Similar to the rest of Nextwave, the Captain dresses in civilian clothes—sneakers, camouflage pants, a trenchcoat, and a white T-shirt with a black star which resembles the Heartstar—despite becoming a superhero "for the mask", as he stated in issue #1.

The Captain is extremely cynical, foul-mouthed, and hard-drinking. His age is as yet undetermined, but he has said his mother conceived him while listening to Roxy Music's 1982 album Avalon.

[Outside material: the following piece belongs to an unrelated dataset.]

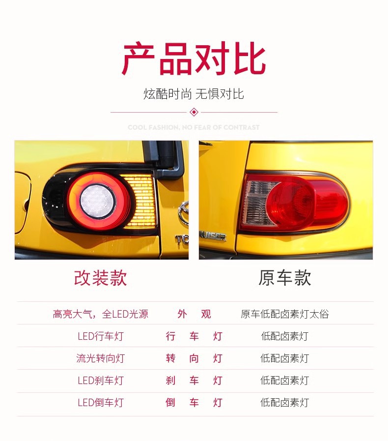 - Ferrari-Style LED Lighting: Upgrade your FJ Cruiser with modern Ferrari-inspired LED tail lights, featuring striking sequential turn signal functionality for enhanced visibility and a distinctive look.

A text box in one issue states that, despite his name, he is not actually the captain of anything.

===Initiative===
The Captain and other Nextwave members appear on the solicited cover to Avengers: The Initiative.

===Civil War II===
The Captain resurfaces in the 2016 Civil War II storyline, reduced to possible homelessness and whiling away his time in New York City's dive bars. He is spurred back into action when Nova's battle with the forces of Mole Monster causes his beer to spill, an innocuous occurrence that the Captain interprets as an epiphany-inducing "metaphor for something".